Energy-based model of protein conformational space derived from diffusion-model likelihoods, usable as a universal statistical potential for many tasks.
ProteinEBM is an energy-based model of protein conformational space that turns a trained protein diffusion model into a universal statistical potential. Generative diffusion models for protein structure are typically used to sample new conformations; ProteinEBM instead shows that the likelihood implied by such a model defines a smooth, differentiable free-energy landscape over protein structures. From a single fixed pretrained model, that landscape can be queried for many different structural-biology tasks without task-specific retraining.
The work, titled "Protein Diffusion Models as Statistical Potentials," was developed by James P. Roney, Chenxi Ou, and Sergey Ovchinnikov at MIT and posted to bioRxiv in December 2025. Its central contribution is conceptual as much as practical: it connects denoising diffusion training to classical statistical potentials, learning an energy function over conformations without requiring equivariant network architectures.
Because the resulting energy is differentiable and defined everywhere in conformational space, ProteinEBM can rank candidate structures, score the energetic effects of mutations, sample conformational ensembles, predict structures, and even trace folding pathways, all from one model. Across these tasks it reports performance competitive with or exceeding prior machine-learning and physics-based methods.
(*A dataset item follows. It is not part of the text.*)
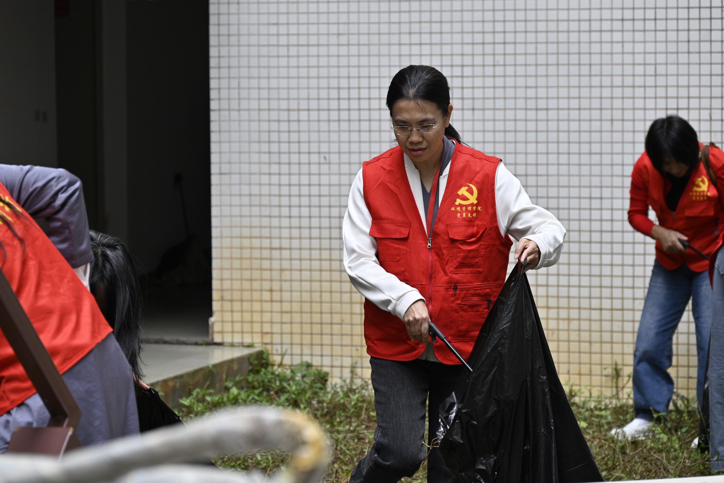 活动伊始,学院党总支面向全体师生党员进行了简短动员部署,明确任务分工与工作要求。随后,全体师生党员迅速下沉至学生宿舍低楼层及公共区域,聚焦宿舍区空旷地带、卫生死角等重点区域开展专项清理行动。党员老师重点对各类积水容器进行全面清除,从源头上阻断蚊媒滋生途径,切实改善学生宿舍周边环境卫生条件。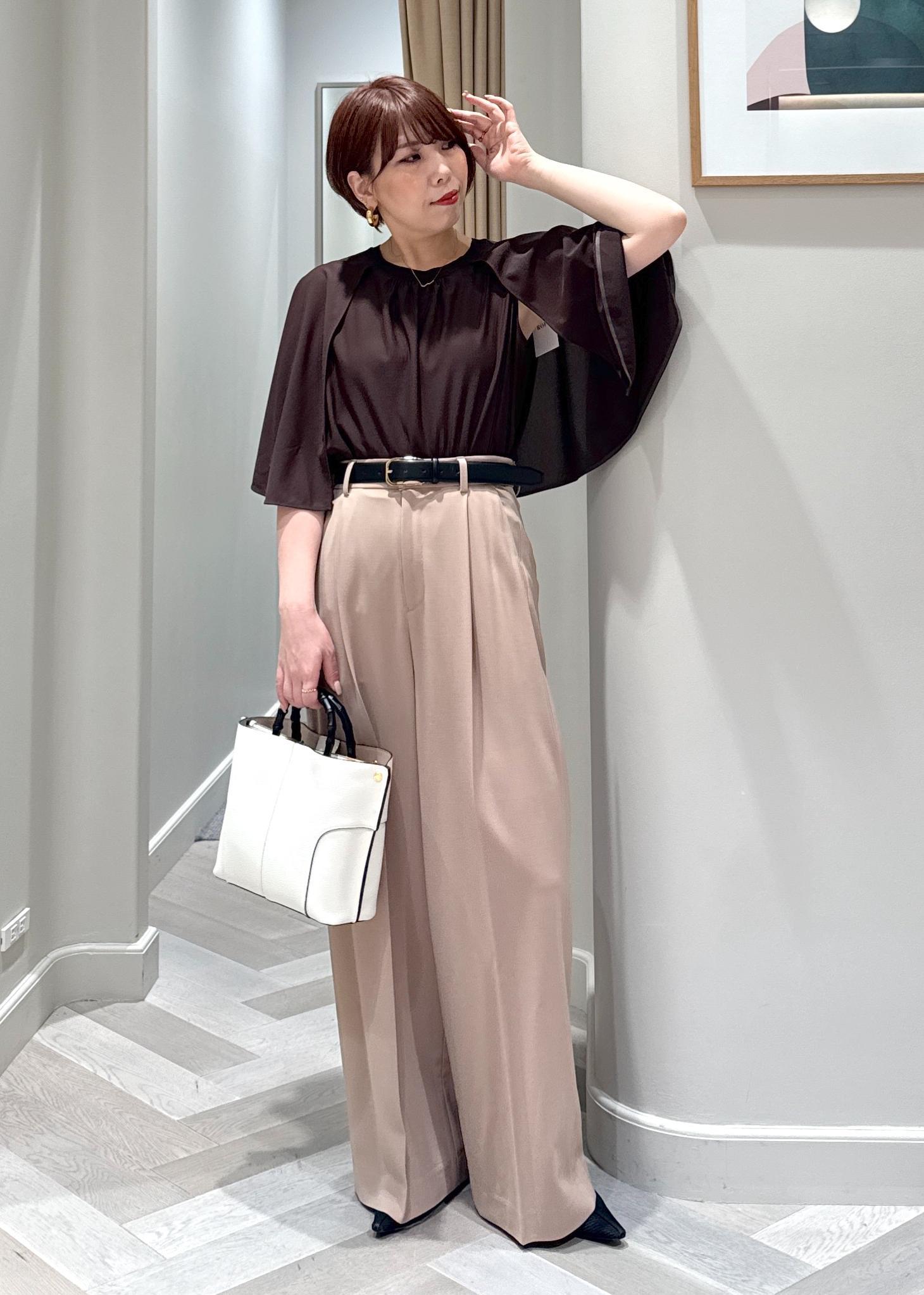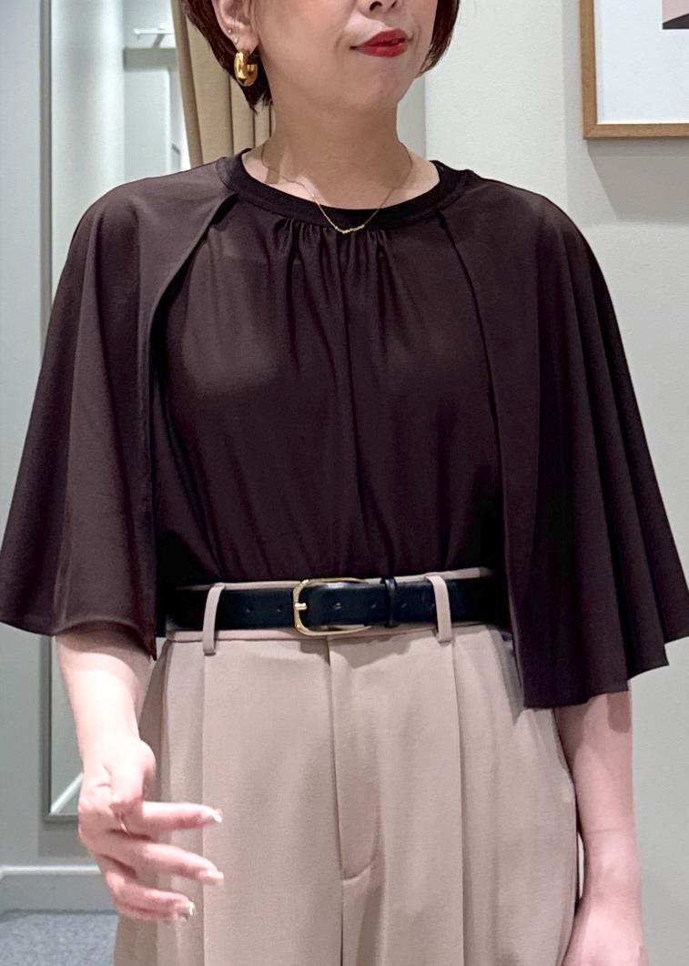 ROPÉ【洗える】ケープスリーブ リンキングブラウスダークブラウン / F¥13,200レビューケープを羽織っている様にも見えるデザイントップス。

ProteinEBM is built on a denoising diffusion model trained over protein structures; the authors show that the diffusion training objective yields an energy-based model whose energies approximate a statistical potential over conformational space. Because the energy is differentiable, gradients can be used for optimization, sampling, and landscape exploration. The same fixed model is applied across structure ranking, mutation-effect prediction, conformational-landscape sampling, structure prediction, and folding-pathway simulation. On these benchmarks the model reports results competitive with or exceeding previous machine-learning and physics-based potentials, which the authors frame as a step toward physically grounded learned models for protein science.
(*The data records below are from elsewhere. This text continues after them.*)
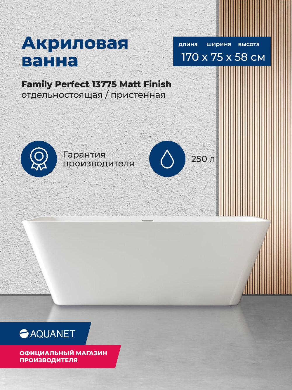Ниже Вы можете прочитать отзывы на Акриловая ванна Aquanet Family Perfect 170x75 13775-MW Matt Finish, ознакомится с подробными характеристиками, посмотреть интересные обзоры и фотографии на Акриловая ванна Aquanet Family Perfect 170x75 13775-MW Matt Finish.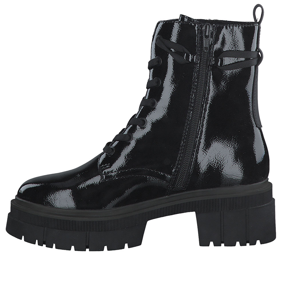 Γυναικεία μποτάκια της εταιρείας S.OLIVER κατασκευασμένα από συνθετικό υλικό υψηλής ποιότητας σε λούστρινη επιφάνεια, με αντιολισθητική τρακτρερωτή σόλα για must εμφανίσεις! Διαθέτουν πολύ μαλακό πάτο τεχνολογίας SOFT FOAM για έξτρα άνετο βηματισμό.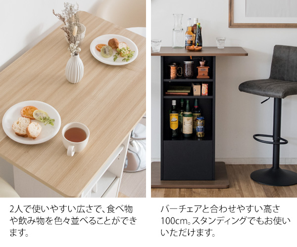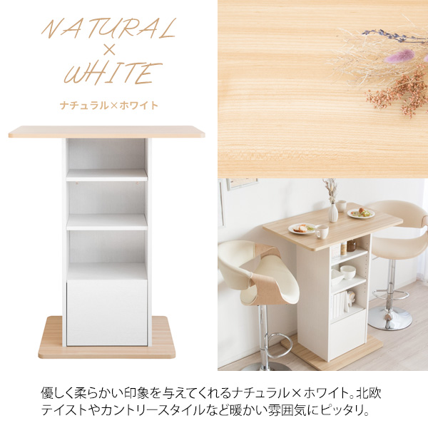 バーテーブル サイドテーブル オープンラック ナイトテーブル リビングテーブル ダイニングテーブル おしゃれ シンプル コンパクト ナチュラル ホワイト 北欧 モダン Baron(バロン) 幅85cm 高さ100cm 2色対応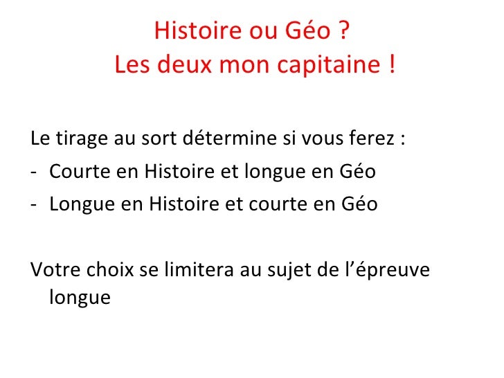 Un tirage au sort gardé secret jusquau jour de lépreuve détermine la discipline histoire ou géographie qui fera lobjet de la première partie la seconde partie portant sur lautre discipline. La première partie est notée sur 12 points. Vous êtes sur sur que cest un tirage au sort qui désigne laquelle des deux matière va tomber en majeur car jai du mal à mimaginer leducation nationale mettre des boules dans lurne.
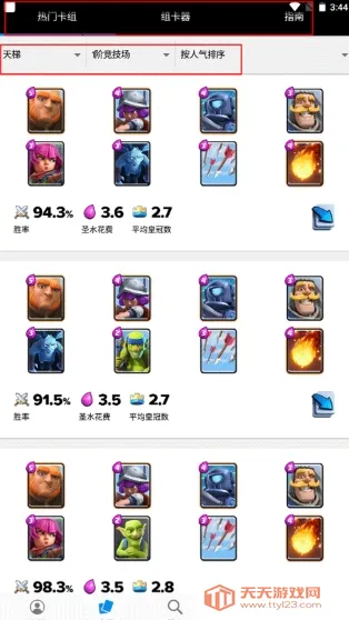卡组主要分为热门卡组、组卡器和指南这三大块,热门卡组从天梯、竞技场等级以及人气这三个元素来筛选;组卡器就是通过你的卡牌来进行收藏;指南就是包含卡组的玩法攻略。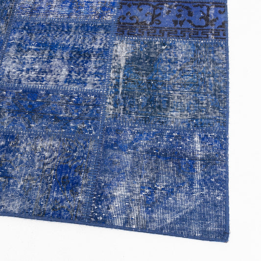 Oriental Rug Patchwork Hand Knotted Wool On Wool 168 x 239 Cm – 5' 7'' x 7' 11'' Navy Blue C012 ER12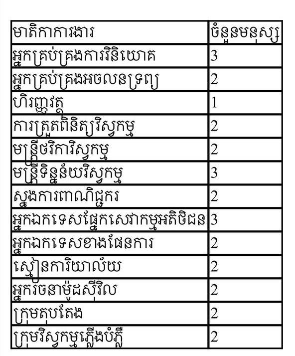 ដំណឹងជ្រើសរើសបុគ្គលិក

ProteinEBM is relevant to structural biologists and protein engineers who need to rank predicted or designed structures, estimate the stability effects of mutations, or generate conformational ensembles beyond a single static prediction. Its differentiable energy makes it a candidate scoring component within protein-design and structure-refinement pipelines, and its folding-pathway simulations may interest researchers studying protein dynamics and folding mechanisms.
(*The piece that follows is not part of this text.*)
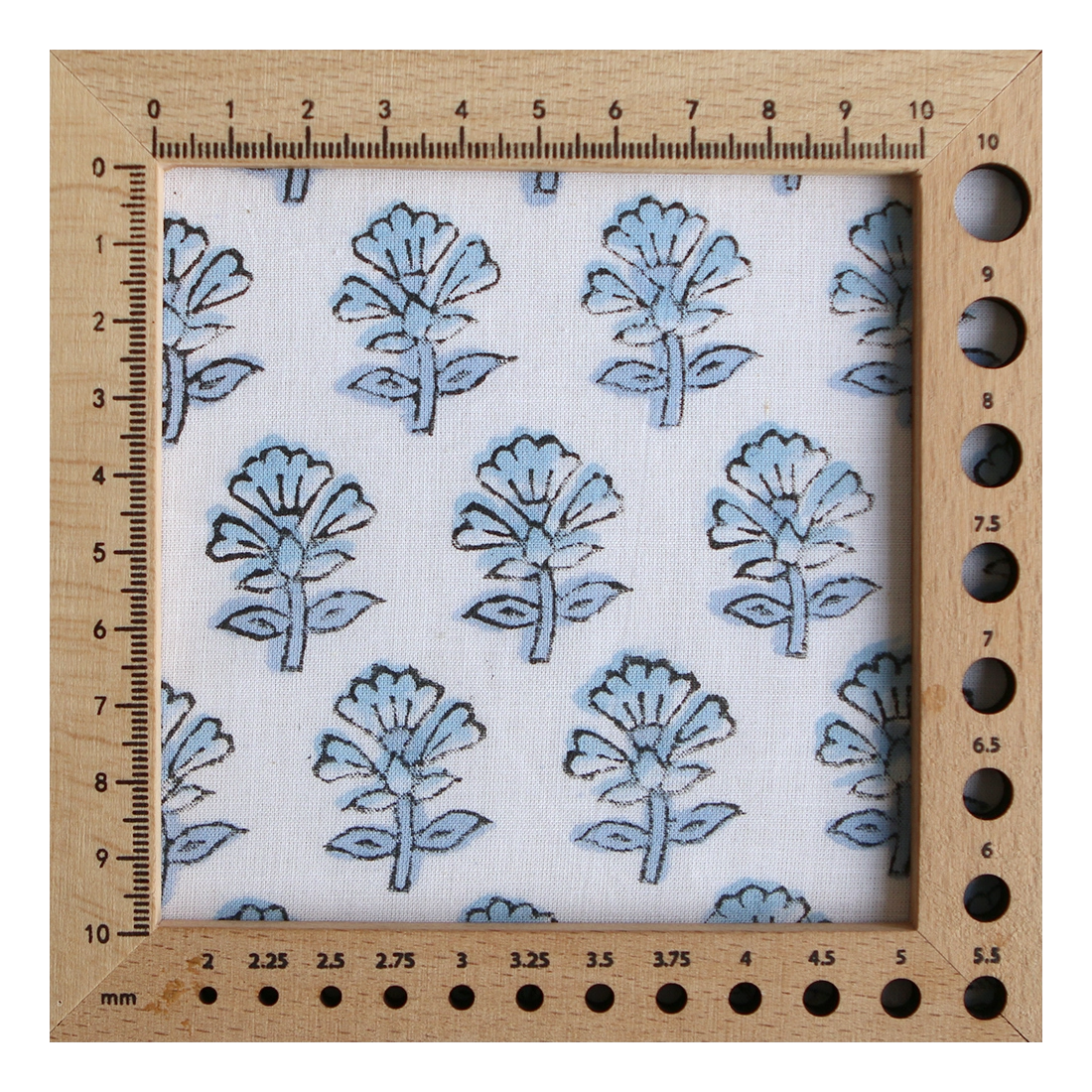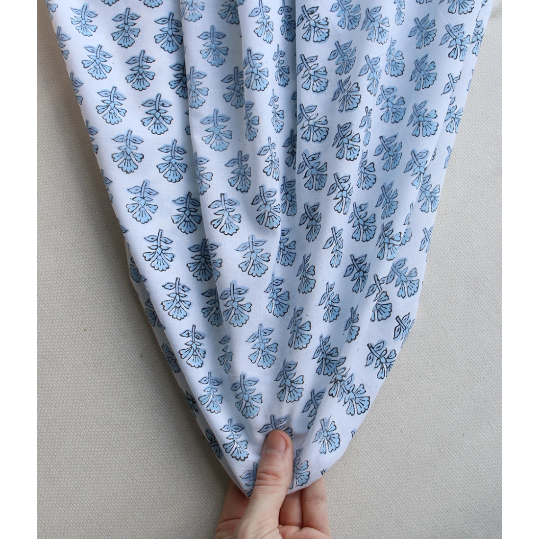 A noter que le processus artisanal (impression à la main, au tampon en bois) de ce tissu fait que chaque pièce est unique et que l'impression n'est pas aussi parfaite qu'un processus industriel.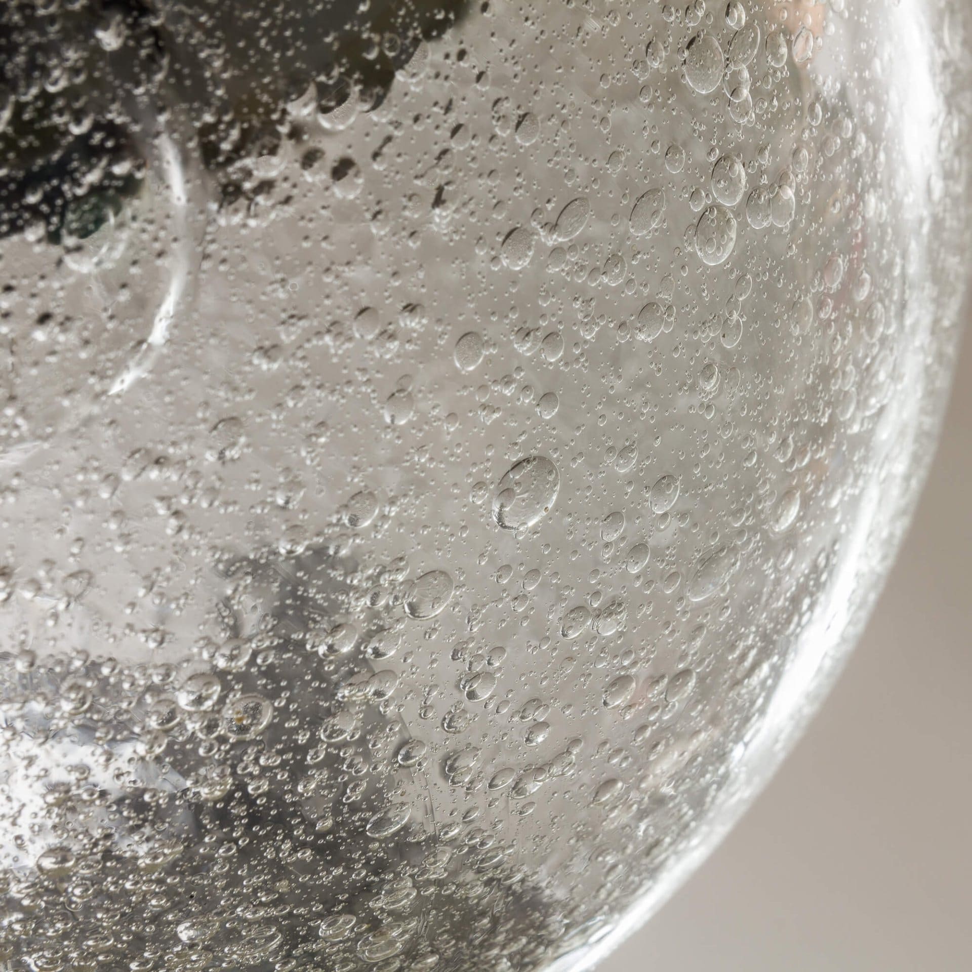 A large Sciolari chandelier from the 70s with eight Murano frosted glass shades which capture the air bubbles inside. The structure made out of white bakelite and chrome plated metal. Very good original condition.

By recasting protein diffusion models as statistical potentials, ProteinEBM offers a unifying view that links generative modeling, structure scoring, and mutation analysis under a single learned energy function. This consolidation is notable because these tasks are usually handled by separate, specialized tools. As a recent preprint from the Ovchinnikov lab without confirmed public code or weights, its adoption will depend on release and independent reproduction, but it points toward physically grounded, multi-purpose learned potentials for protein modeling.